What happens if you are involved in a car accident with a police car or some other emergency vehicle? Being…
What is right of subrogation?
Often times in personal injury matters an insurance company gains a right of subrogation. This is the right to either stand in the shoes of their insured and sue the at-fault party who is responsible for the insurance company’s losses or receive a portion of the proceeds to cover their settlement if the insured sues the at-fault party directly and wins. The problem becomes that in some instances, insurance companies have attempted to put their own subrogation interests ahead of the insured’s interests in achieving a full financial recovery.
Washington state’s Made Whole Doctrine generally establishes the priority for the interests of insured individuals where there is conflict with the interests of their own insurance company. In Thiringer v. American Motor Insurance Co., the Washington Supreme Court articulated the Made Whole Doctrine as a general rule as follows:
“While an insurer is entitled to be reimbursed to the extent that its insured recovers payment for the same loss from a tort-feasor responsible for the damage, it can recover only the excess which the insured has received from the wrongdoer, remaining after the insured is fully-compensated for his loss.”

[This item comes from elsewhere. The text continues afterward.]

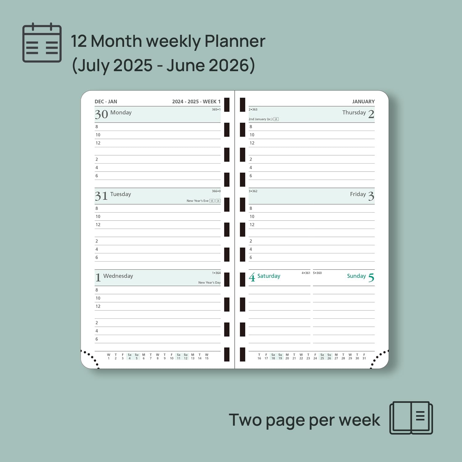 - EXTRA FUNCTION PAGES - Includes a 2025-2026 Yearly Overview, Holiday & Calendar, Monthly Expenses, Contact & Password pages, and 7 dotted notes pages for detailed jotting.
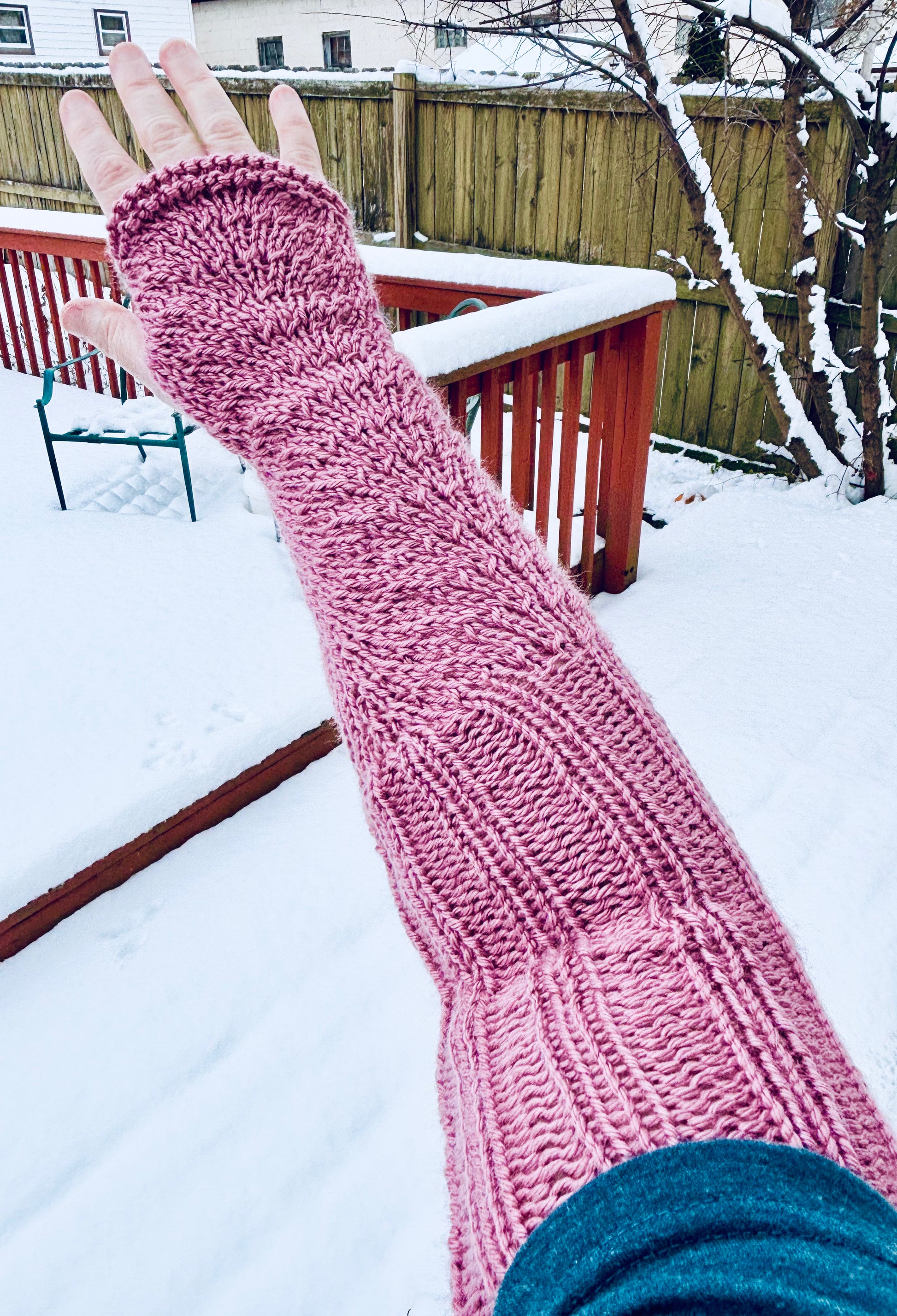 This is a piece that is near and dear to my heart. My sensuous arm warmers are one of my favorite pieces and I had a lovely friend ask if I could extend them to be a full sleeve for her to wear under her tee shirts at protest rallies. My answer was “of COURSE!” and the Protest Sleeve was born! These sleeves measure 22” from knuckle to upper arm and are made to fit snugly around the upper arm to minimize slipping. Knit of a super soft yarn, they are machine washable. Custom colors and sizes are always available by request on your order form. (I would love to do a rainbow pair!!) They are knit to order, so please allow for 7-10 days for shipping once I receive your order.

91 Wn.2d 215, 219, 588 P.2d 191 (1978).
In other words, an insurer can obtain reimbursement from an insured who has been more than fully compensated for their injuries and has actually received excess compensation from having received payments from both the first-party insurer and a third party. In these circumstances an insurer can seek reimbursement from its insured, as the insured is not entitled to a double recovery. But an insurer generally cannot obtain a recovery if its insured has uncompensated damages. This doctrine prioritizes the indemnification of victims of automobile and other types of accidents. Thiringer, 91 Wn.2d at 220.
A Supreme Court Decision
On July 3, 2019, our Washington Supreme Court clarified how the Made Whole Doctrine works when it ruled in the case of Daniels v. State Farm Mutual Automobile Ins. Co., Cause No. 96185-9. Our Supreme Court quoted with approval Professor Robert Keeton (Harvard Law School) as follows:
“Out of the recovery from the third party the insured is to be reimbursed first, for the loss not covered by insurance, and the insurer is entitled to any remaining balance, up to a sum sufficient to reimburse the insurer fully, the insured being entitled to anything beyond that.” ROBERT E. KEETON, BASIC TEXT ON INSURANCE LAW § 3.10(c)(2), at 161 (1971).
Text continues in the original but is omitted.